Não custa lembrar que o Banco Central do Brasil é o responsável pela gestão da dívida pública e para isso tem o maior orçamento da República, um orçamento sem teto, em termos práticos, pois ele fixa livremente as taxas de remuneração dos títulos do Tesouro a cada 45 dias na reunião do Comitê de Política Monetária (Copom), formado por seus diretores. Também o Banco Central centraliza a transação internacional com moeda estrangeira, atuando através dos bancos privados, e operando nas pontas de compra e venda das transações com dólar nos mercados à vista e futuros (swap, arbitragem, mercado a termo), com os custos dessas transações debitados na conta da dívida pública. Ainda cabe rememorar que o Depósito Compulsório foi no passado importante elemento do BC e do governo para a gestão do volume de crédito oferecido à economia. Traduzindo: do valor que os bancos privados recebiam de depósito de seus clientes, uma parte expressiva (algo em torno de 45%) era recolhido ao BC sem rendimento. Assim, não era bom negócio não emprestar. Só mais um aspecto sobre o sistema: aqui e ali, no mundo civilizado e desenvolvido, os bancos centrais são responsáveis também por resultados obtidos por seus países nos índices de desemprego e de crescimento do PIB. E não apenas pela taxa de inflação, como o Brasil de hoje. Consideremos apenas estes aspectos para formular, a título de contribuição ao debate, propostas para uma reforma bancária (registre-se, estas propostas ou parte delas não são novas):
- o custo da gestão da dívida pública deveria compor o orçamento anual com uma meta de desempenho apresentada e justificada ao Parlamento pelo próprio BC, que se obrigaria a prestar contas e entregar relatório trimestral ao Senado, e seu presidente teria que lá comparecer após a entrega do relatório para esclarecimentos (afinal esta é a maior conta do orçamento, uma conta aberta);
- a composição da diretoria do BC deveria ser exclusiva de funcionários de carreira do Banco, ficando livre para nomeação do Presidente da República apenas a Presidência, que teria mandato de quatro anos descasado com o do Presidente da República;
- deveriam compor os objetivos do Banco Central, além da estabilidade dos preços (inflação), a taxa de desemprego, o crescimento do PIB e a busca e manutenção da taxa de equilíbrio no câmbio (busca permanente da taxa que equilibra o balanço de pagamentos e não aquela que reflete o noticiário do dia);
- o depósito compulsório deveria ser retomado como ferramenta relevante de controle ou estímulo do volume e da qualidade do crédito, correlacionando o recolhimento com o volume total do crédito, o prazo médio dos empréstimos e outras variáveis importantes, para o que poderia ser decisivo que ele voltasse a não ser remunerado. Em suma: quanto menos o banco emprestar, menos ele se remunera.
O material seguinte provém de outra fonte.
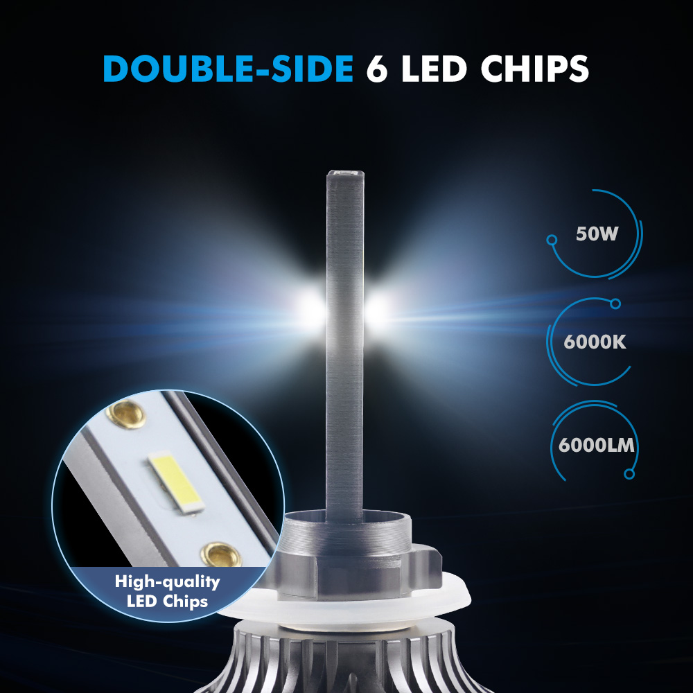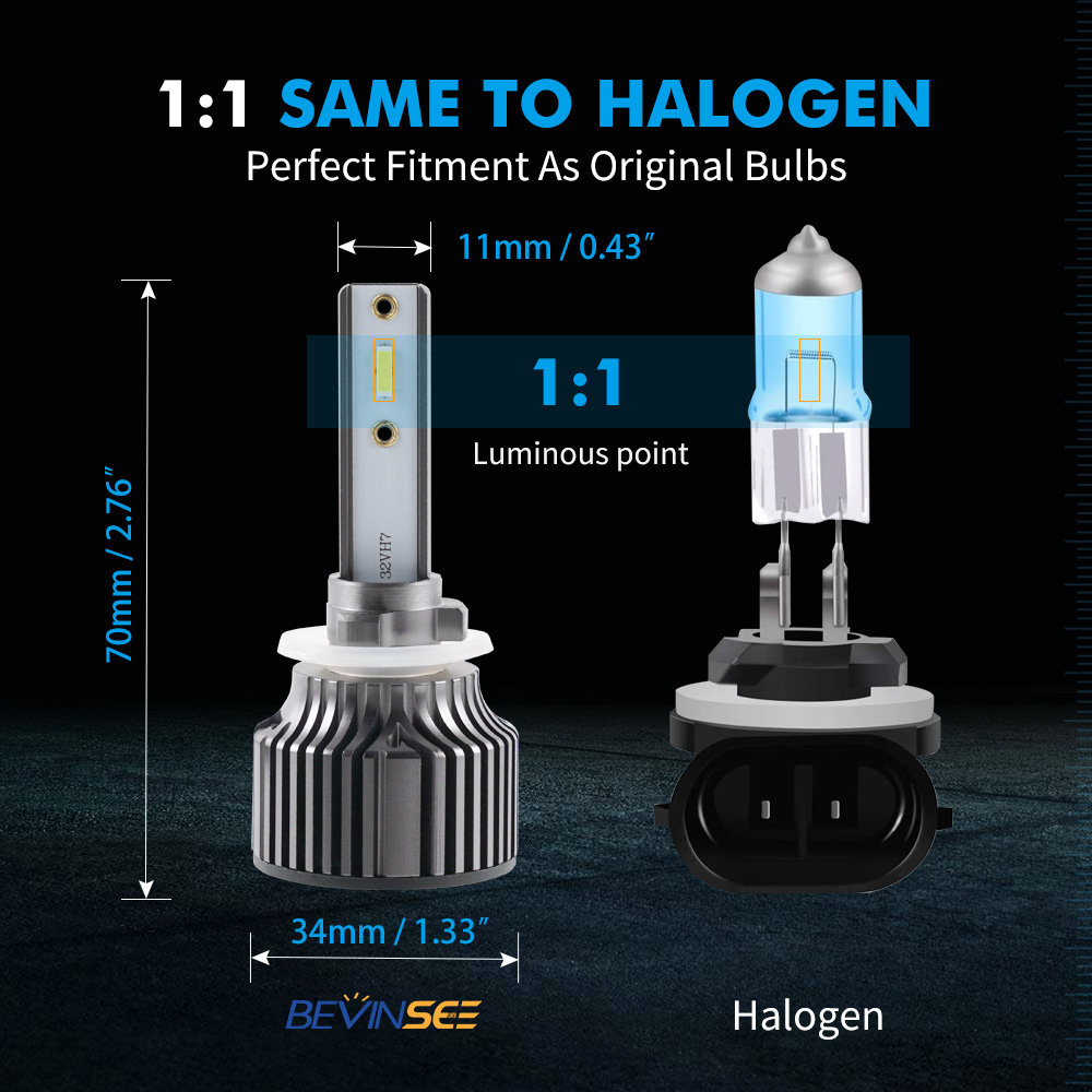 --Copper plate chip,increase 100% heat dissipation,protect LED chips,extend lifespan. --9000 RPM fan to accelerate heat dissipation,increase 80% heat dissipation. --Better cooling system: Fan cooling + lamp body cooling system. --Adopted opening high speed cooling fan design, less noise and better heat dissipation. --2 sides emitting ensure for the better beam pattern and brightness. --Customized latest CSP chips ,light efficiency increased by 25% comparing with ordinary chips, --30% brigther than other LED bulbs,200% brighter than halogens. --Our LED light come with exactitude light beam angle, no dazzling, no influence for the coming driver at left in front. --Improve brightness lighting.Provide reasonable distance & wide of view. Product Detail Condition: New Brand: BEVINSEE Lumen: 6000LM /Pair Power: 50W /Pair LED Chips: CSP-1860 Color Temperature: 6000K Power Factor (PF): 0.90 System Efficacy (lm/w): 150LM/w Color Rendering Index (CRI): 80 Total Harmonic Distortion (THD):12% Beam Angle: 360° Note --Application to above 95% vehicle. --For some vehicle,please measuring the gap between the headlight assembly back cover and other accessories according to our product size,if did not know how to install, professional installation is recommended!!! --For some vehicle,especially H7/H1 Type,You may need extra Bulb Holder/Retainer to help to upgrade your halogen Bulb to LED Bulb. --Please choose right product models before place your order,if you did not know what type models would fit to your car,please take some photos of your original headlight bulbs to us,or tell us of vehicle's "year,make,mold" ,we will give a help. --This item does not contain Can-bus & DRL function,please note!!! FAQ Q1: Will the bulbs suitable for my vehicle? 1. If you are not sure about your bulb model, please check the ebay fitment as the instruction above. 2. Check the owner's manual, or better yet, physically inspecting the bulb in the vehicle beforehand. 3. Contact us with your vehicle make/model/year via eBay message to ensure you get everything you need for your kit! Q2: What if I encounter a dashboard error message or flickering? A: All the Bevinsee LED headlight bulbs are designed with plug and play, and CANBUS ready. While there are a few sensitive vehicles might occur an error or flickers. The warning Canceller solves this problem. Q3: Neither side lighting up? Both sides flicker, flash, or work inconsistantly. Pls kindly Check the headlight fuses, and then check the ballast plugs to insure correct installation. If this doesn't work, your car may need a relay or resistor. Q4: How to get the best light output? A: When the LED CHIPS are facing left and right(3-9 o'clock) direction and the lamp body stays vertical at 12-6 o'clock direction, you will get the best light output. Please check out the installation video on the product detail page. Q5: What should I do if there is a quality problem? A: Please send ebay message to us, we will solve any problems for you as soon as possible. Q6: The bulbs doesn't fit my vehicle. 1. The bulbs size maybe wrong, pls double check before order. 2. For some socket, such as H1, H3, H7, special bulb holder may be required. Pls send us the photo of your bulbs, bulb socket, and we will check for you. Q7: Warrning about polarity A: Please kindly check the polarity when connecting the plug. If the LED bulb does not light up or work properly after installing, please flip the plug around to reconnect. DISCLAIMER

Estas ideias são colocadas para debate ao lado de outras já defendidas neste Segunda Opinião, como a abertura do mercado à competição (com estímulos a essa competição) e a fixação mais moderada dos juros dos títulos da dívida pública. Importa dizer que estas proposições têm caráter estrutural e não estão condicionadas a circunstâncias, ou seja, elas se justificam acima e além do contexto atual de crise. São padrões mais modernos e eficazes em se tratando de gestão das finanças públicas, principalmente quando se trata da montanha de dinheiro que o BC manipula diariamente, várias vezes ao dia, num mercado em que não há nenhum ator ingênuo. A economia brasileira não pode prescindir de um sistema financeiro melhor regulado e que contribua com a fluidez dos negócios, ao invés de um sistema travado e centrado em seus próprios interesses.